INFORMATION SHOWN:
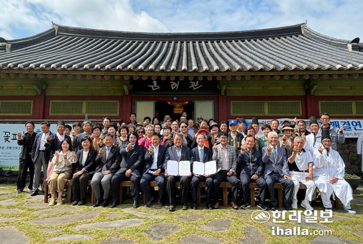 서귀포시 성산읍 온평리 혼인지에서 온평리마을회와 이도1동주민자치위원회 관계자들이 기념사진을 찍고 있다. 성산읍 제공
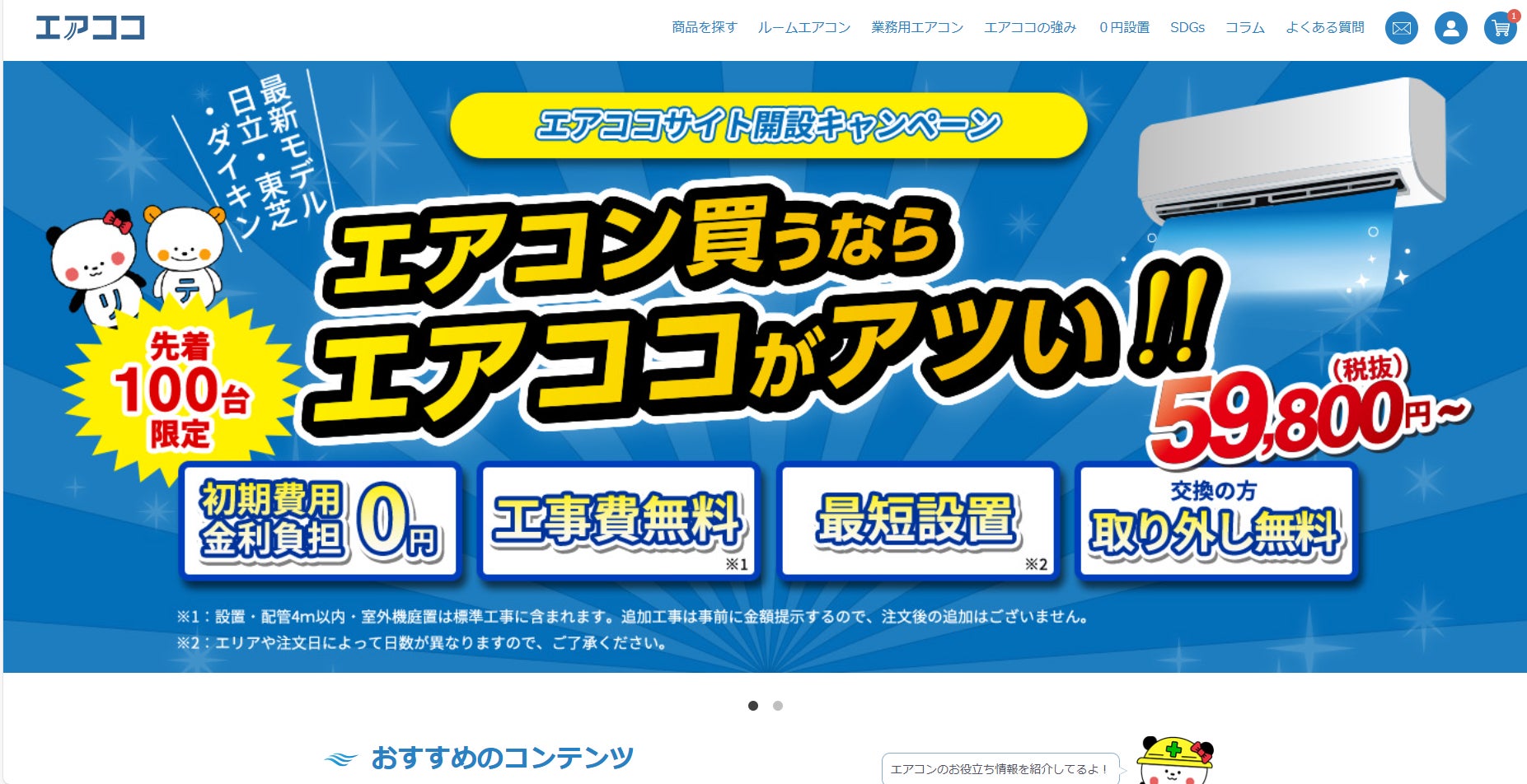 エアコン専門サイト「エアココ」のサービスを開始いたします。
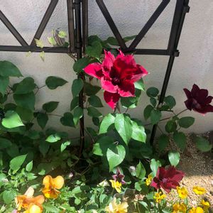 クレマチス🌿ヌビア🥀 バラたちの間から 見つけ出しました🎵

TASK DIRECTIONS:
Once the images are removed, print the remaining data exactly as it appears above.

EXERCISE OUTPUT:
 서귀포시 성산읍 온평리 혼인지에서 온평리마을회와 이도1동주민자치위원회 관계자들이 기념사진을 찍고 있다. 성산읍 제공
 エアコン専門サイト「エアココ」のサービスを開始いたします。
 クレマチス🌿ヌビア🥀 バラたちの間から 見つけ出しました🎵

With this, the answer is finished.